The exhibition “Exodus: Life Stories of Refugees, Migrants and Displaced Persons,” organized by the Doctors Without Borders (MSF) humanitarian group, shows the plight of millions of people uprooted by conflicts in their homelands, which is being almost entirely ignored by mainstream media.
While the cases of migrants crossing the Mediterranean to reach European shores are more known to the broader public, the situation in South Sudan is not, photojournalist Anna Surinyach told Sputnik Mundo.
“I met people there who had never stayed in one place for more than a year,” said Anna, the author of the photographs at the exhibition. The exhibition is currently taking place in Montevideo.
The situation in South Sudan, where civil war is well into its fourth year, is nothing short of a catastrophe.
An estimated 1.5 million have fled the oil-rich but impoverished East African state to neighboring Uganda since the armed conflict between the forces of President Salva Kiir and rebel leader Riek Machar flared up in 2013.
Anna Surinyach said that she would never forget the tragedy that befell the country’s second largest city of Malakal.
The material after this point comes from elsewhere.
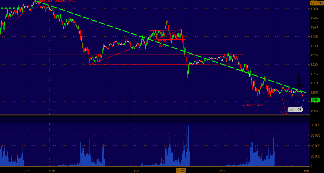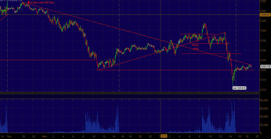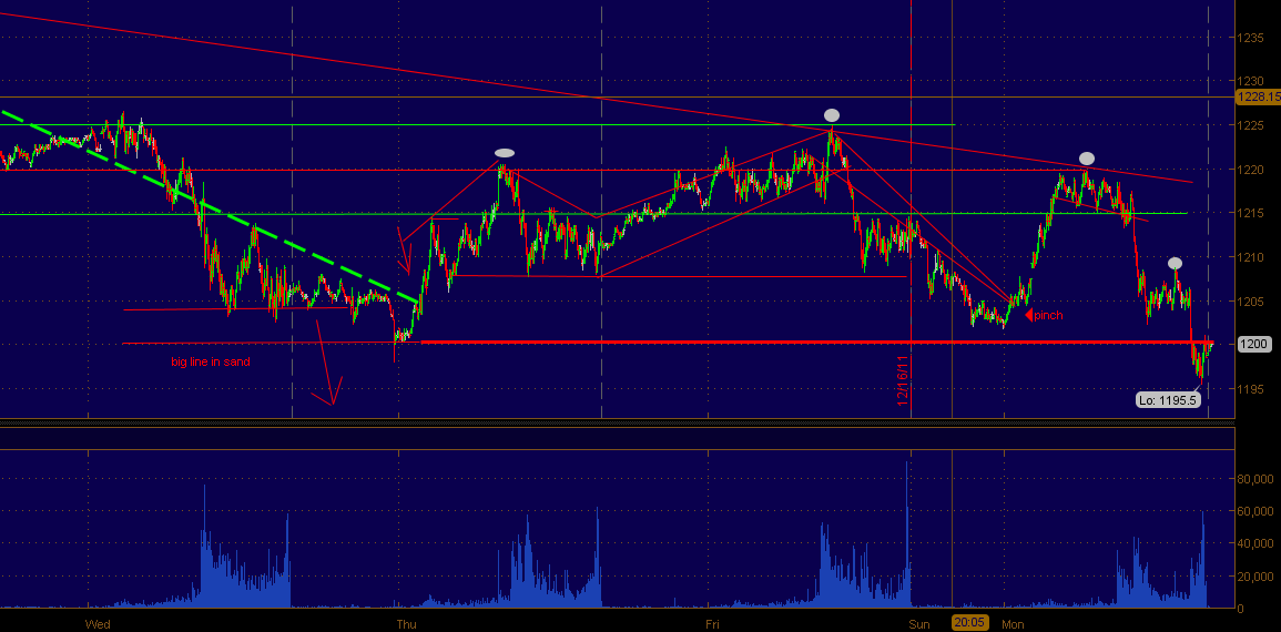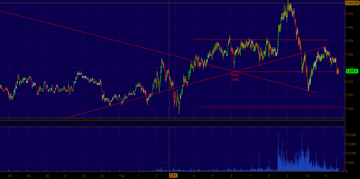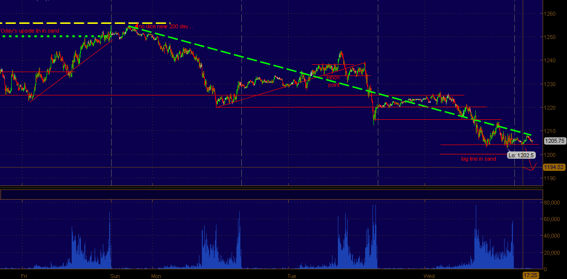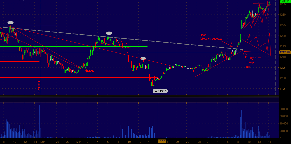 Dollar fell off of highs of 80.31 this morning around 6 am as the ES sat on 1246.. from that point on the DX slid and the ES rose as well as Gold... at one point gold was down 32 points only to retrace 50% of it's losses as the euro crawled back into bed after fallout clear under 1.30 mid day yesterday.

The city’s destruction forced 150,000 of its residents to flee to refugee camps where they live under “inhuman conditions.”
“To see an African city of 150,000 people absolutely deserted with burned down houses and dead bodies strewn in the streets was a sight I will never forget,” Anna said.
She added that many in Europe simply do not know where these migrants come from, why they fled their native countries and what is going on there.
Many believe that these people have come to “take away” their jobs.
“These people are not going to take away anyone’s job. They would have never risked their lives crossing the sea if they hadn’t realized the real danger to themselves and their families,” Anna emphasized.
The exhibition also documents the pain and hardship suffered by migrants from Central America who try to make their way into the United States.
David Cantero Perez, the director of the MSF’s South American office, told Sputnik that these people are often treated as economic migrants.
The “Exodus…” exhibition is an attempt to draw a line between refugees, internally displaced persons and migrants.
“The world is neither white nor black. Not all people who are seen as economic migrants happen to be such and the exhibition is meant to show exactly what these people go through on their way to safety and what is really happening in the countries they come from,” Anna Surinyach concluded.